After the Babenbergs as rulers of Austria and Styria died out due to the death of Duke Frederick the Warrior in 1246, both duchies were orphaned and thus aroused covetousness among the regents of the neighboring countries.

Ottokar, 22-year-old Prince of Bohemia, took over the Duchy of Austria in the spring of 1252 by marrying 47-year-old Margarete von Babenberg , hereditary sister of Frederick the Arguable, and also laid claim to Styria. A little later Gertrud von Babenberg , heir-niece of Friedrichs, married Roman von Halicz, a relative of King Belas, who in turn also claimed former territories of the Babenbergs.

After the Styrian estates had unanimously elected Stephan , the son of King Bela, as their duke at the end of the same year , Bela, allied with Duke Otto of Bavaria and Duke Bolesław of Krakow and with Roman, undertook an unsuccessful attack on Moravia and Austria in 1253.

The Pope acted as mediator in these disputes.

Peace agreements

In the peace made on April 3, 1254 in Ofen between King Ottokar II of Bohemia and King Bela IV of Hungary through the intervention of Pope Innocent IV and Bishop Bruno von Olomouc , Styria was now awarded to the Hungarian king, but until then Styrian Pittner area northeast of the Semmering and the change (from switching away the border ran along the Danube - Raab -Wasserscheide to Hartl Spitz in Rosaliengebirge , lying on the border with Hungary) and the Traungau that as the original territory of the Styrian Otakare also to Styria had belonged, and the Ischler Land fell to Ottokar. The Burg Schwarzenbach in Lower Austria for the first time is called in Hungary awarded part in this saga.

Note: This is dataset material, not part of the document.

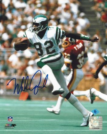 Mike Quick was a surprise 1st round pick by the Eagles in the 1982 NFL Draft. He developed into a five-time Pro Bowler, having been selected consecutively from 1983 to 1987. He led the NFL in receiving yards in 1983 with 1,409 and finished second in 1985 with a total of 1,247. On November 10, 1985, Mike Quick caught a 99-yard touchdown pass from Ron Jaworski in overtime (an Eagles team record, and tied with eleven other QB-WR combos as an NFL record), as the Eagles beat the Atlanta Falcons in the game. In 1987, the Eagles Honor Roll was established and Mike Quick was inducted in 1995. Mike Quick has hand signed this Philadelphia Eagles 8x10 Photo. Certificate of Authenticity from Athlon Sports Collectibles.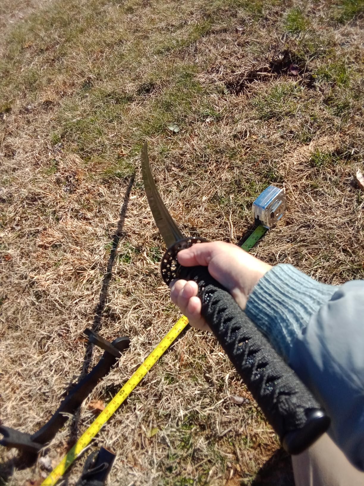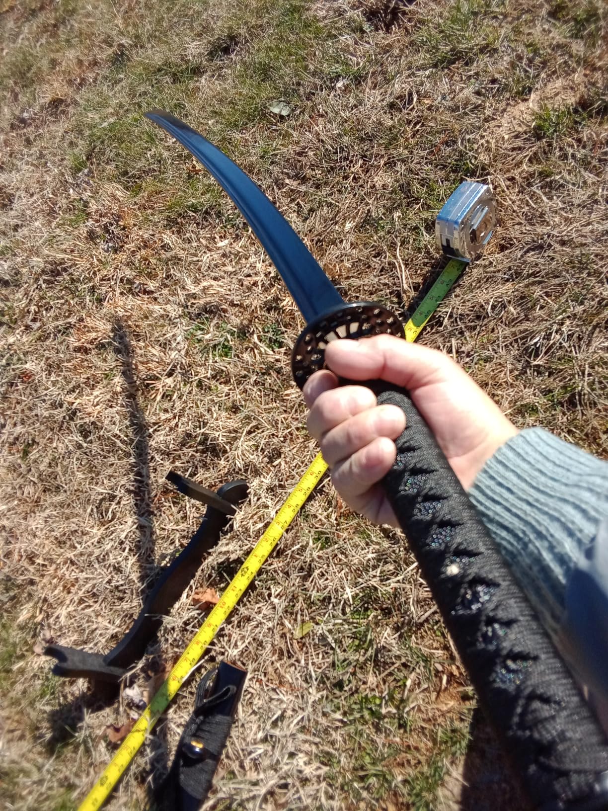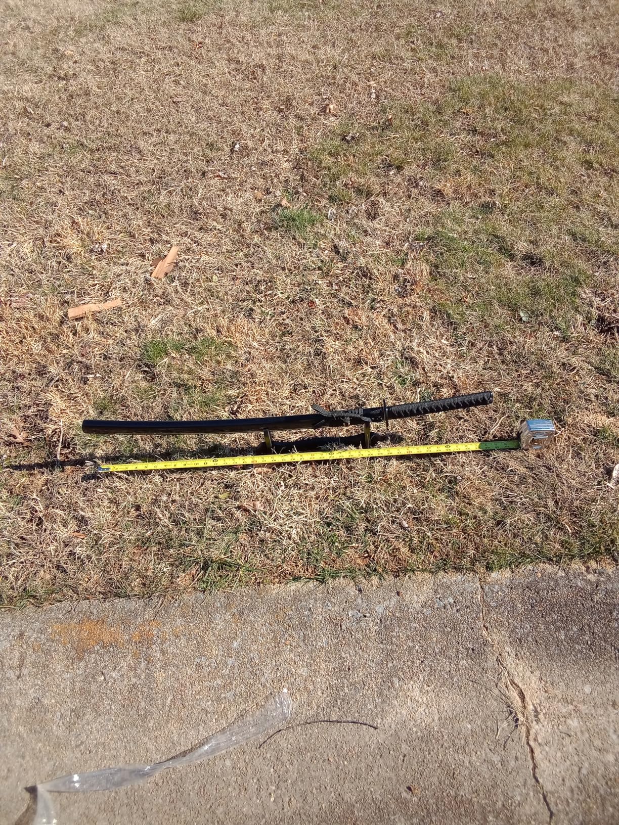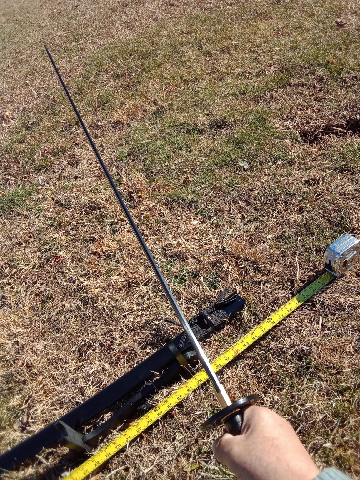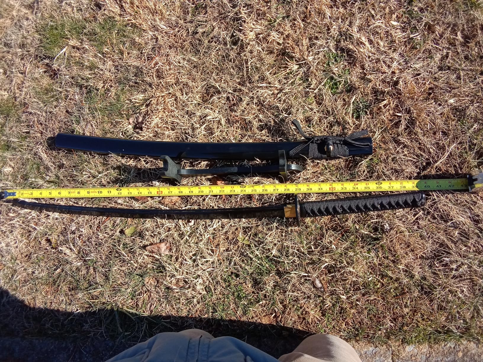 Length with scabbard 41.33(in) Length of the blade 28.34(in) Blade thickness 0.27(in) Length of the handle 11.81(in) Width of the blade 1.25(in) If you are not satisfied with your goods, you can return them within 30 days. Click here to view our return policy.

Gertrud, who had been abandoned by Roman as early as 1253, was dealt with with some gentlemen and towns in Styria, including Voitsberg and Judenburg , to whom she later granted several freedoms and donations.

Further development

King Ottokar could not come to terms with the agreed loss of territory to Bela of Hungary and took up the fight again after a while. An uprising of the Styrian nobility against Hungarian rule, which broke out in 1260, benefited him. After the Battle of Kressenbrunn in the same year, Bela had to cede Styria to Ottokar in the Peace of Vienna in 1261.

The union of the Traungau with the other Obderennsischen areas enabled the establishment of Upper Austria with the center Linz .


  • Walter Kleindel: The Chronicle of Austria. Chronik-Verlag, Dortmund 1984, ISBN 3-88379-027-3 .
  • Anton Mell: Outline of the constitutional and administrative history of Styria . Ed .: Historical Provincial Commission for Styria. Publishing house of the university bookstore Leuschner & Lubensky, Graz - Vienna - Leipzig 1929 ( ).